G.2 Structural Blueprint
The structural blueprint is the architectural plan that governs the manuscript’s logical flow. It outlines a 7-part Septenary protocol (Thesis, Context, Mechanism, Evidence, Counterpoint, Synthesis, Handoff) that is recursively applied across 49 subsections. The blueprint explicitly maps the resolution of 7 specific theoretical gaps (identified as GAP_01 through GAP_07) to corresponding sections, ensuring complete and rigorous logical coverage of the functional decoupling framework and its implications.
G.3 Evidence Ledger Summary
The evidence ledger functions as the “digital lab notebook” for this study, documenting the generation of all data and proofs. It contains 6 primary artifacts:
- ARTIFACT_001: LaTeX derivations of the tripartite Hamiltonian.
- ARTIFACT_002: Python simulation of the 1D p-adic random walk, yielding a mean displacement of 0.693.
- ARTIFACT_003: Python simulation demonstrating strict energy conservation (Total E = 10.0).
- ARTIFACT_004: LaTeX proof of the interaction term’s stability and its role in energy conservation.
- ARTIFACT_005: A qualitative comparative matrix of standard (Minkowski) vs. p-adic (Ultrametric) causality.
- ARTIFACT_006: The formal LaTeX formulation of the subhyperbolic time evolution operator.
G.4 Peer Review Report Summary
The manuscript draft underwent a simulated adversarial peer review by a panel of three agents (Methodologist, Theorist, Skeptic), which issued a “MAJOR REVISION” verdict. This process was crucial for strengthening the paper’s claims. Key actionable critiques included the need to formalize the connection between the theoretical pseudo-differential operators and the computational simulation dynamics (Action C1), and the need to formally define the p-adic causality metric instead of leaving it as a qualitative comparison (Action C2).
G.5 Revision Documentation Summary
All critical and high-priority actions from the peer review were implemented in the final revision stage.
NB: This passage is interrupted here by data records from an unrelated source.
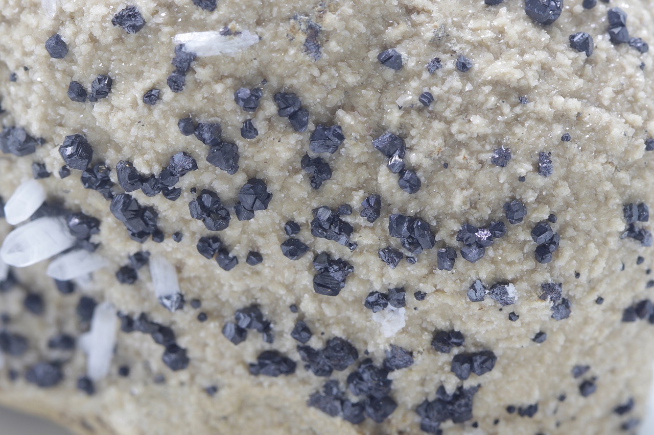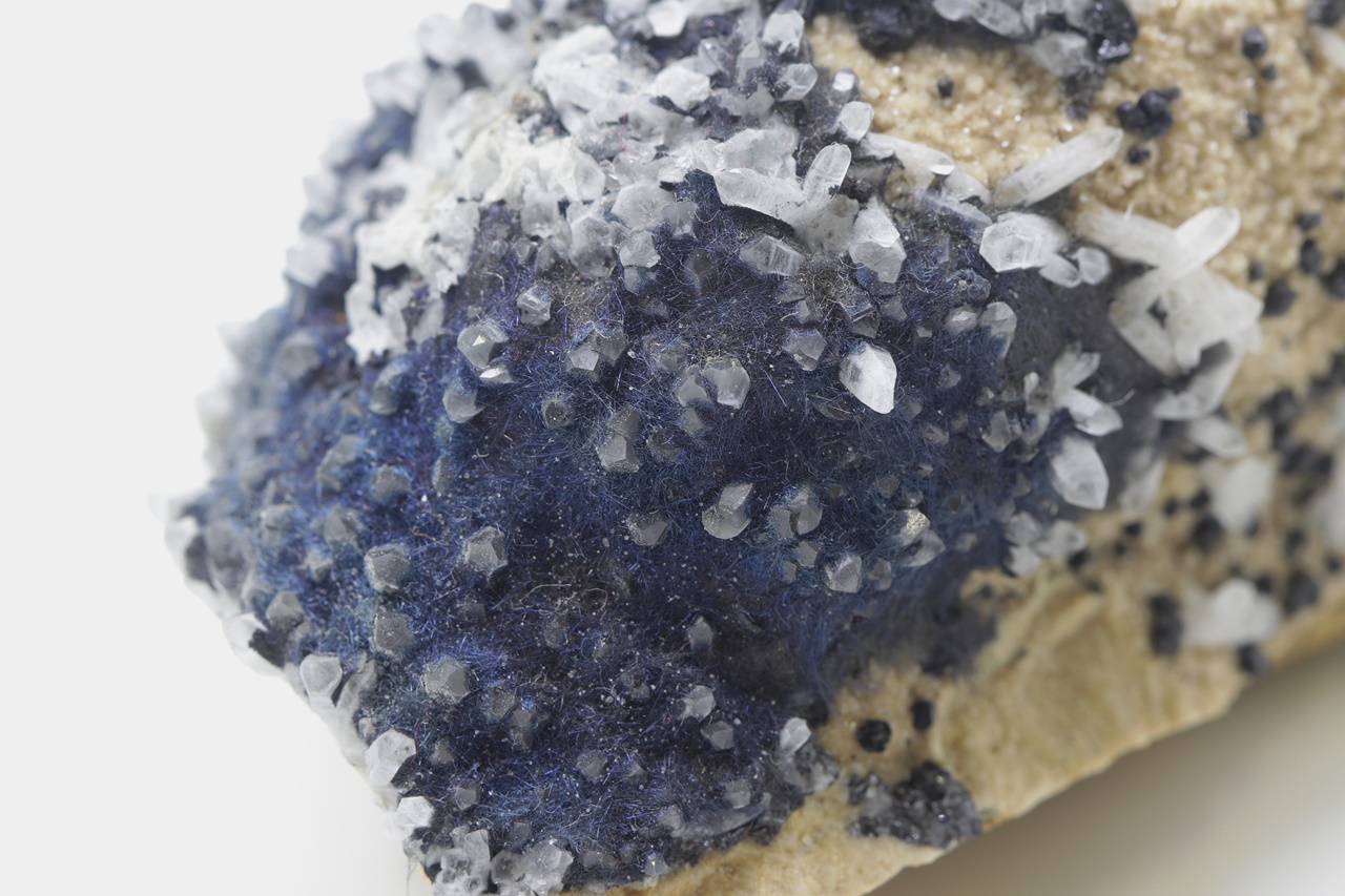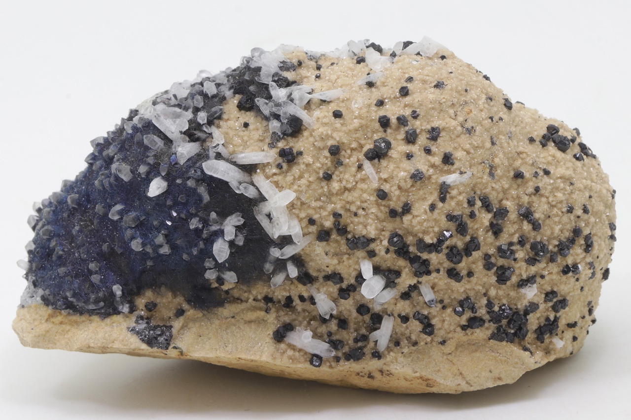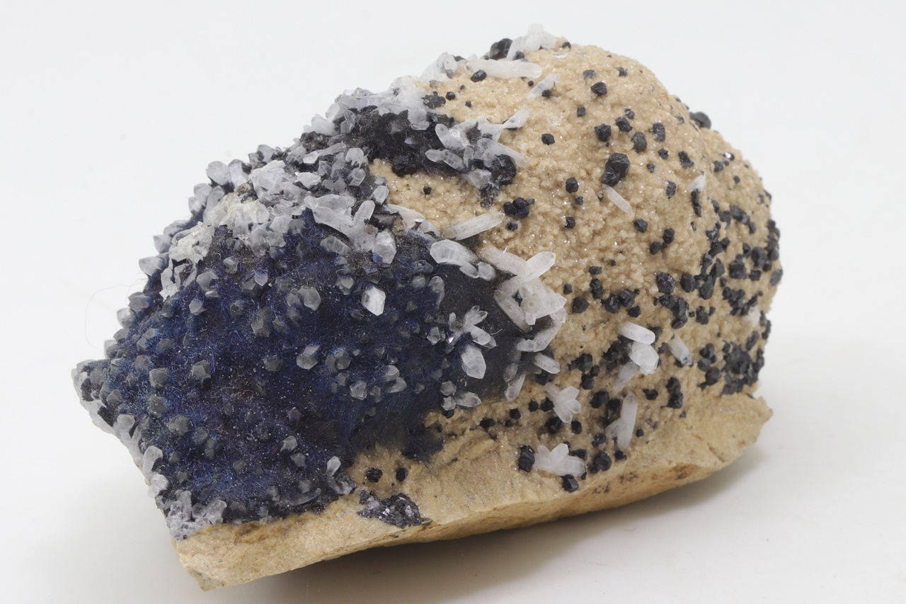 Boulangerite aggregates with black sphalerite crystals and quartz grown on beige dolomite.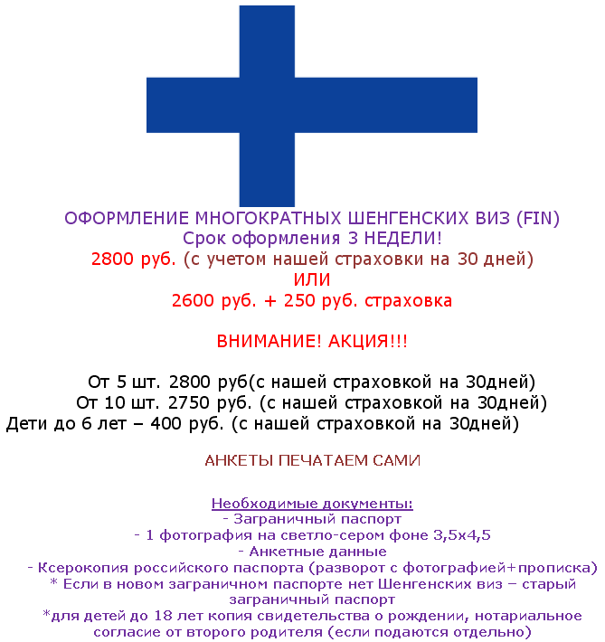 ОФОРМЛЕНИЕ FIN Мульти-Шенген Виз от 2600 руб + страховка - от фирмы ТВОЙ ТУР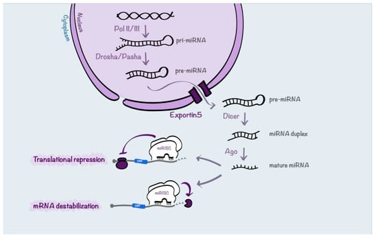 MiR biogenesis is a complex process (Figure 2). Firstly, miRs are mainly transcribed by RNA polymerase II into primary transcript precursors (pri-miRNAs) that can range from hundreds to thousands nucleotides long. Next, pri-miRNAs are endonucleolytically cleaved in the nucleus by the RNases III Drosha and Pasha to generate ~70 nucleotides long hairpin pre-miRNAs. Then, the resulting precursors are actively exported from the nucleus to the cytoplasm by Exportin5, working with its cofactor Ran-GTP. In the cytoplasm, the RNase III Dicer recognizes the pre-miRNAs, cleaves off their loops and generates 20–22-nucleotides long miRNA duplexes characterized by two nucleotides protruding at each 3′-end. At this point, the functional strand of each mature miR is loaded into ribonucleoprotein complexes (miR-induced silencing complexes, miRISCs) together with the proteins from the Argonaute (Ago) family. Once loaded onto miRISC complexes, mRNAs may be silenced by cleavage, translational repression, or deadenylation [60].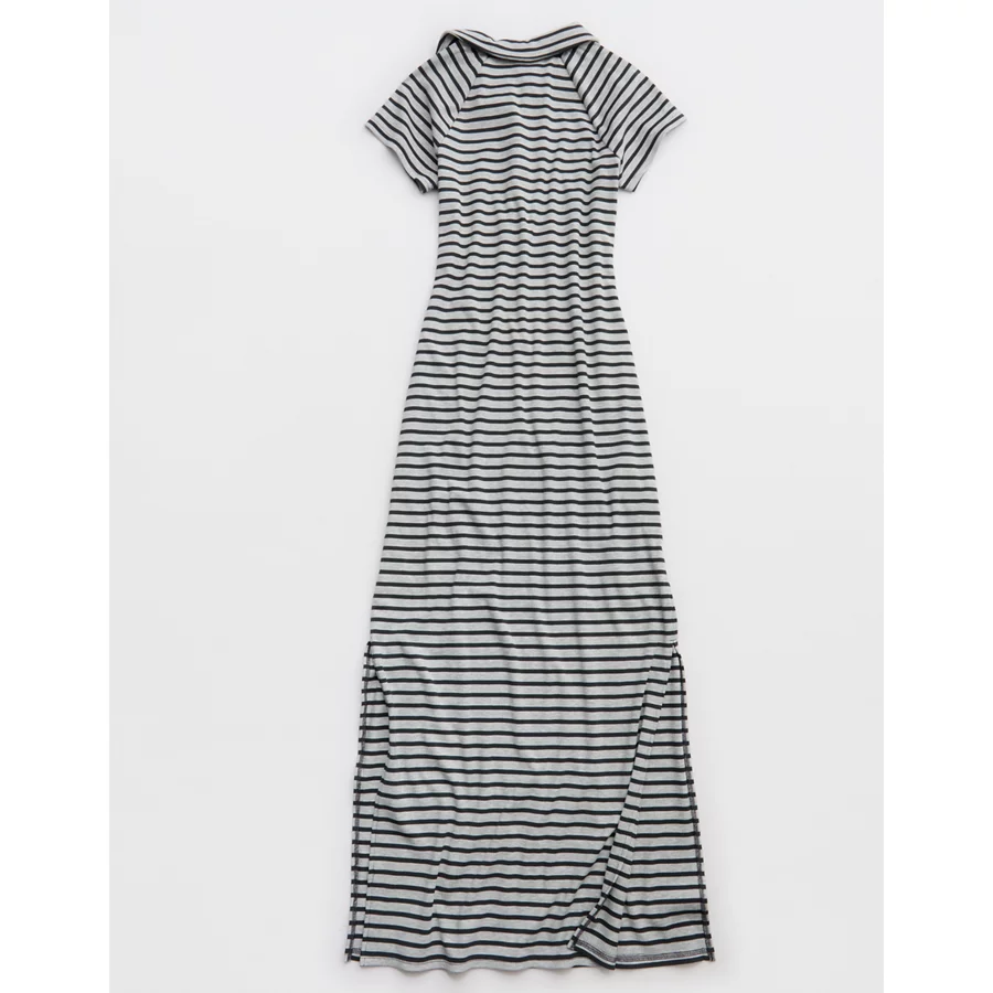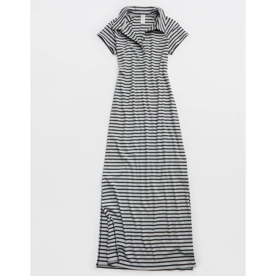 OFFLINE By Aerie Thumbs Up Heavyweight Polo Maxi Dress – Smoked Gray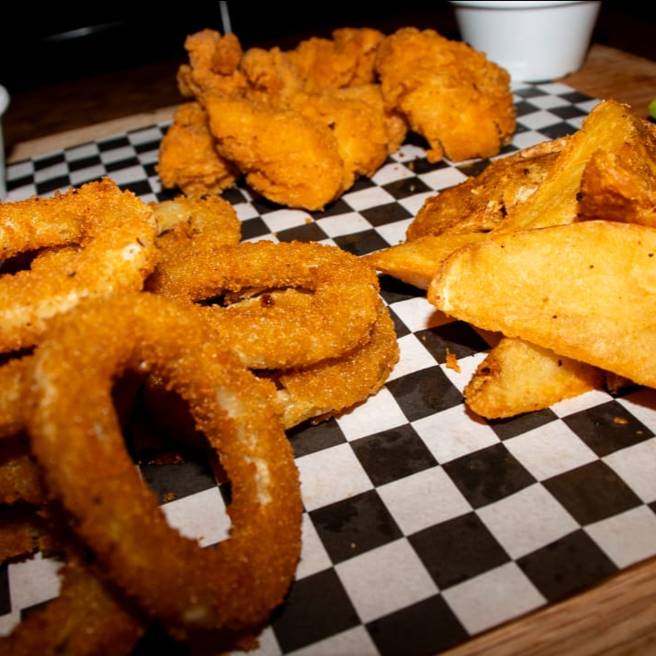 6 Piezas de Boneless de pollo con 250 g de papas a la francesa, salsas a elegir: búfalo, mango habanero, rancho o BBQ.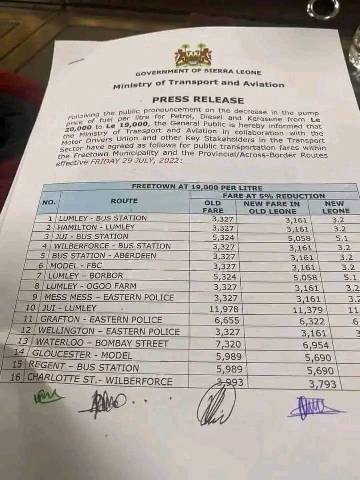 “Following the public pronouncement on the decrease in the pump price of fuel per litre for Petrol, Diesel and Kerosene from Le 20,000 to Le 19,000, the General Public is hereby informed that the Ministry of Transport and Aviation in collaboration with the Motor Drivers Union and other Key Stakeholders in the Transport Sector have agreed as follows for public transportation fares within the Freetown Municipality and the Provincial/Across-Border Routes effective FRIDAY 29 JULY, 2022:” the Government pronounced.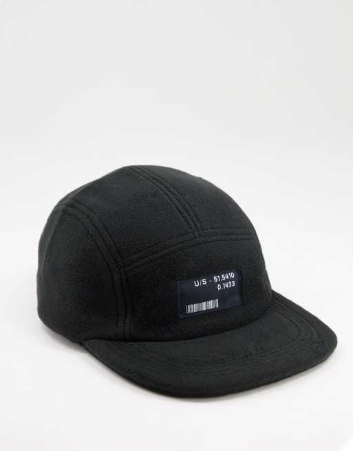 ASOS DESIGN - Cappellino con cinque pannelli in pile nero con logo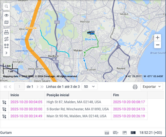 Com viagens | O relatório mostra intervalos em que uma viagem foi detectada, mesmo que apenas uma parte dela esteja incluída no intervalo. |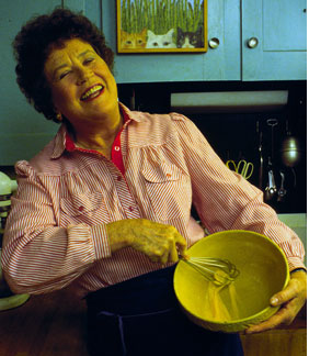In the process, Julia discovered that the failure of Americans to be able to successfully reproduce French dishes was not due to their incompetence, but to differences in ingredients that had never before been revealed. Like a true scientist, Julia discovered there was a gluten difference of 2.5 percent between French and US flours. This difference had been hampering American bakers in their attempts to produce a quality loaf of French bread. And this was certainly not the only difference that had become a cooking problem which had “delayed completion [of a dish]… from the oversized turkeys that had be cooked differently from the French poultry to the difficulty of finding creme fraiche… American veal was not as pale and tender as the French; U.S. butchers offered different meat cuts; except for parsley, few fresh herbs were available; American ate a lot of broccoli, which was rare in France — and so the discoveries went.” (Fitch, p. 240)
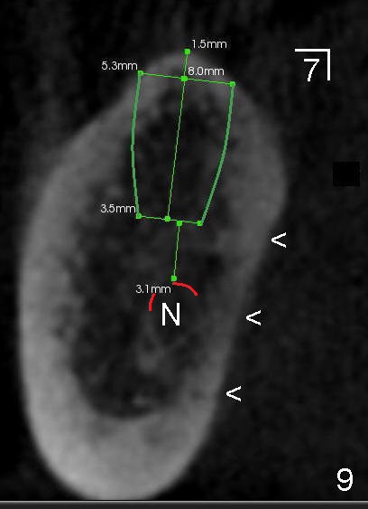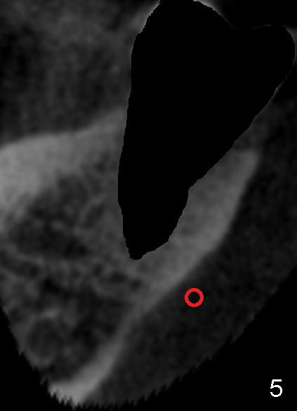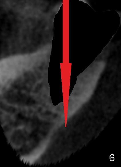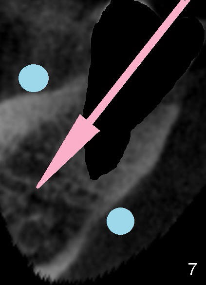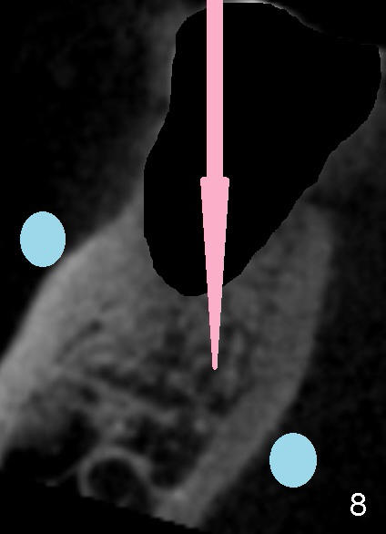 Fig.5 is an illustration, showing the socket after extraction (from Fig.1). The red circle in Fig.5 represents the lingual artery, which is the 2nd branch from the external carotid artery. When the lingual artery is severed by an overdrilling bur, it shrinks toward the external carotid artery. Hemostasis is difficult to achieve without emergency surgery. Failure to recognize the proximity of the lingual concavity may lead to perforation of the lingual plate while osteotomy is forming (Fig.6 red arrow) and potentially damage the lingual artery in the submandibular fossa. Although CBCT is essential for recognition of this special anatomy, a surgical technique is the most critical step to avoid the injury. That is to use two fingers (Fig.7 blue circles) to hold the buccal and lingual plates as low as possible and let the tactile sense guide you and keep the osteotomy in the middle of the ridge (pink arrow). One of the fingers may sense the vibration before perforation of the lingual plate. Use a long explorer to probe the osteotomy site after each bur. A surgical stent is also helpful. If an immediate implant is placed, the osteotomy should be initiated in the buccal wall of the socket of the 2nd molar (Fig.7). For the 1st molar of this case, the osteotomy is to be placed slightly lingual (Fig.8 (an illustration from Fig.2) pink arrow), since the buccal bone is lower than the lingual (Fig.2 <) and especially on the affected side (root fracture) (Fig.3).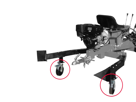 • Robustné podpery zaisťujú stabilitu aj na nerovnom teréne. Aby sa zariadenie dostalo do prepravnej polohy, kolesá a podpera sa vymenia spredu dozadu.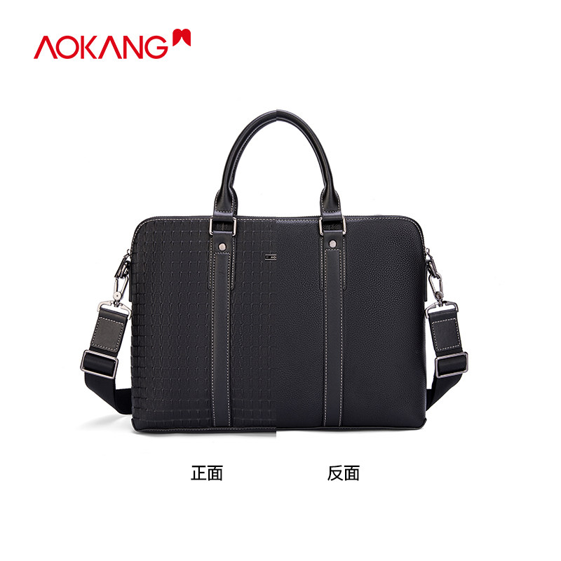 Okom Male Bag Crosswalk Handbag Genuine Leather Bull Leather Briefcase Casual Single Shoulder Bag Slanted Satchel Fashion Business Package Bag

The Python simulation in Appendix D was refactored to include a discrete approximation of the Vladimirov operator, directly addressing Action C1. Section 6.3 was rewritten to formally define the “Ultrametric Light Cone” using the p-adic norm inequality, resolving Action C2. Additionally, the entire manuscript underwent a complete prose variation pass to enhance narrative flow and ensure natural, human-readable grammar while preserving the strict Septenary logical structure.